» **Your task**
Only the lines from the start of the data below through the line that contains "徳化白磁三才蓋碗羊脂玉磁器工夫茶器敬茶碗陶磁器茶杯お茶碗はロゴを印刷できます。" are to be copied, exactly and without pictures.

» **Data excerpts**
::::::::

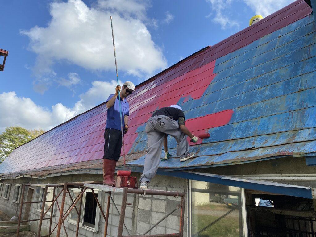 10月2日から3日にかけて、当担い手協議会新規就農者支援チームより、町内の若手酪農家の皆さんにご協力を頂き、新規就農予定者の牛舎屋根のペンキ塗り・修復作業を行いました。
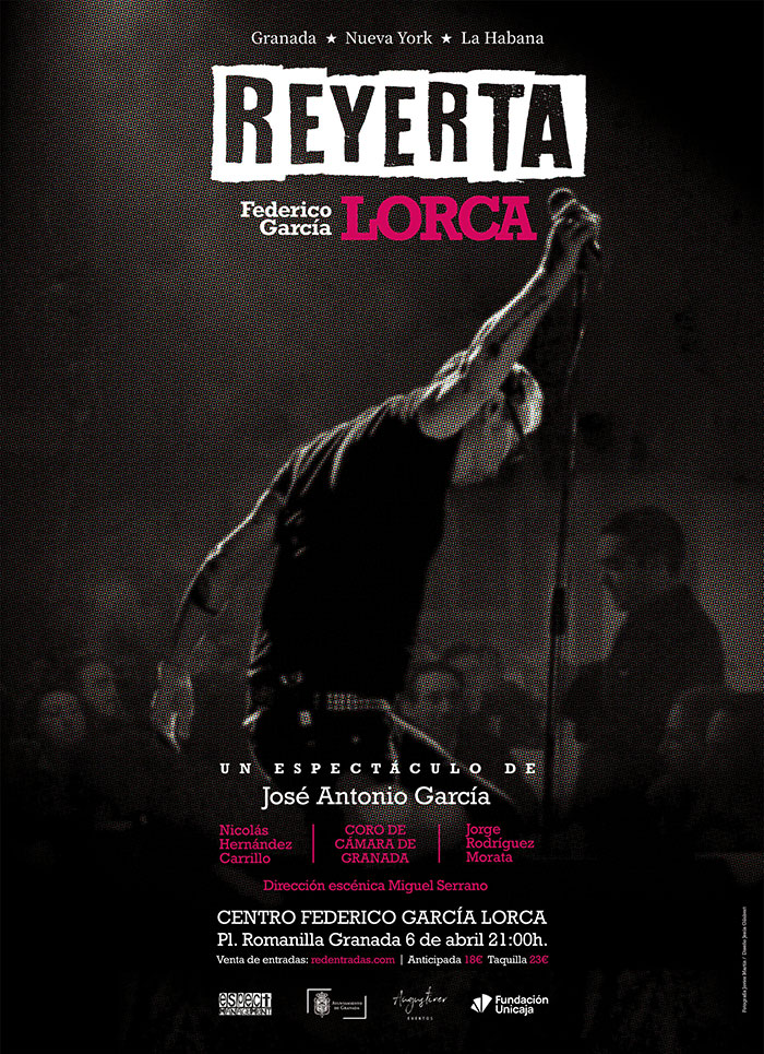 | | | | | | El poderoso y emocionante cartel promocional corre a cargo del diseñador granadino Jesús Gilabert. La Fundación Unicaja ha confiado y apoyado que este proyecto se lleva a cabo. El espectáculo se estrenará en el Festival Internacional de Poesía de Granada REYERTA - Granada, Nueva York, La Habana, el nuevo espectáculo de José Antonio García. Más información en www.fipgranada.com |
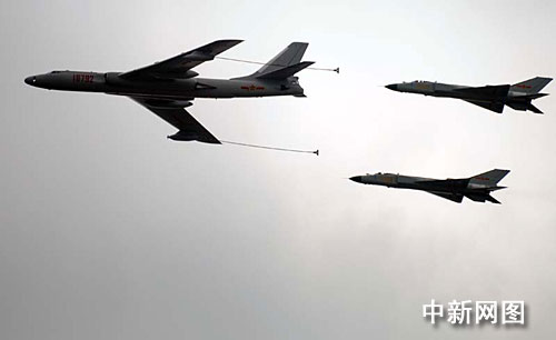 中国空军在第七届珠海航展上进行空中加油飞行表演。孙自法 摄
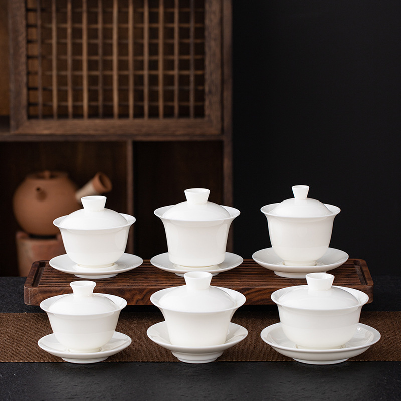 徳化白磁三才蓋碗羊脂玉磁器工夫茶器敬茶碗陶磁器茶杯お茶碗はロゴを印刷できます。
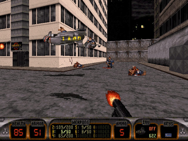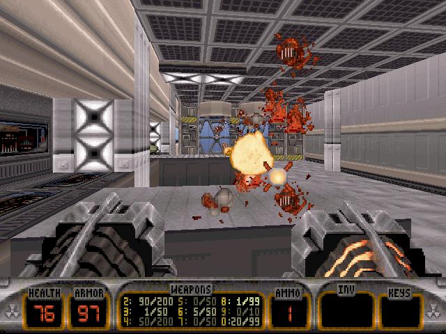 Duke Nukem 3D is a well-known first-person shooter that arrived very late in the DOS era of gaming, 1996. It started life as a shareware game, with just the first episode released, but 5 months later the remaining two episodes had been completed, so anyone who registered their game got the full release which included copies of Duke Nukem 1 and 2 as well. The Atomic Edition arrived at the end of 1996 which featured a new fourth episode. In the subsequent years, several official or approved add-on expansion packs were released, including Duke it Out in D.C. (1997), Duke Caribbean: Life's a Beach (1998), and Nuclear Winter (1998).
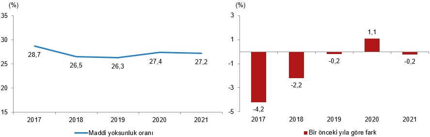 Yukarıda belirtilen dokuz maddenin en az dördünü karşılayamayanların oranı olarak tanımlanan ciddi maddi yoksunluk oranı; 2020 yılında %27,4 iken 2021 yılı anket sonuçlarında 0,2 puan azalarak %27,2 olarak gerçekleşti.

::::::::

» **Answer**
 10月2日から3日にかけて、当担い手協議会新規就農者支援チームより、町内の若手酪農家の皆さんにご協力を頂き、新規就農予定者の牛舎屋根のペンキ塗り・修復作業を行いました。
 | | | | | | El poderoso y emocionante cartel promocional corre a cargo del diseñador granadino Jesús Gilabert. La Fundación Unicaja ha confiado y apoyado que este proyecto se lleva a cabo. El espectáculo se estrenará en el Festival Internacional de Poesía de Granada REYERTA - Granada, Nueva York, La Habana, el nuevo espectáculo de José Antonio García. Más información en www.fipgranada.com |
 中国空军在第七届珠海航展上进行空中加油飞行表演。孙自法 摄
 徳化白磁三才蓋碗羊脂玉磁器工夫茶器敬茶碗陶磁器茶杯お茶碗はロゴを印刷できます。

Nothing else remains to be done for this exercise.